Shadows is a software package for the calculation and drawing of sundials and astrolabes, available as a freeware in its base level.

It has been developed by François Blateyron, software developer and amateur astronomer, who made it available on Internet since 1997 and continues to improve it. It is used worldwide by thousands of sundial enthusiasts. It is compatible with Windows 11/10, 8.x and 7. Shadows is available in three levels: Shadows is a freeware; Since version 3.0, it also supports the creation of astrolabes.

==Description==
Shadows calculates various types of sundials:
- plane sundials with polar style (any orientation or reclination)
- horizontal or vertical analemmatic sundial
- horizontal or vertical bifilar sundial
- cylindrical sundial

as well as astrolabes:
- planispheric astrolabe
- universal astrolabe
- mariners astrolabe

The Shadows software is developed for the Windows operating system. It is simple to use but does not aim to be universal. It
draws the sundial on screen and prints it to various scales to act as a template during fabrication. The sundials show solar time and can include longitude correction and equation of time. It also can draw ancient or unequal hours such as Italian and Babylonian and even draw azimuth and altitude curves. It has an animation feature so the shadow of the style can be simulated on the screen. The results can be copied as an image or a vector graphics (metafile or DXF) for use in CAD programs or machine tools.

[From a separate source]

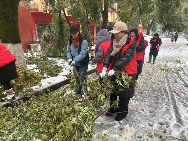 赤壁市税务局组织党员下沉社区,清理包保小区门前积雪和残枝。(朱梦和)

In 2005, the French astronomical society, Société Astronomique de France (SAF) awarded Shadows with the Julien Saget prize for the Shadows software. In 2023, the North American Sundial Society (NASS) awarded Shadows with the Sayer Dialing Prize.

The astrolabes are interactive and can be manipulated on screen by rotating the Rete and the Alidade using the mouse.

Several curves and graphs are available: equation of time, solar graph with horizon mask, duration of the day, direction rose.
It is translated in 18 languages (French, English, German, Spanish, Italian, Portuguese...)

=== Features of the three levels of Shadows===
Shadows is supplied in three versions.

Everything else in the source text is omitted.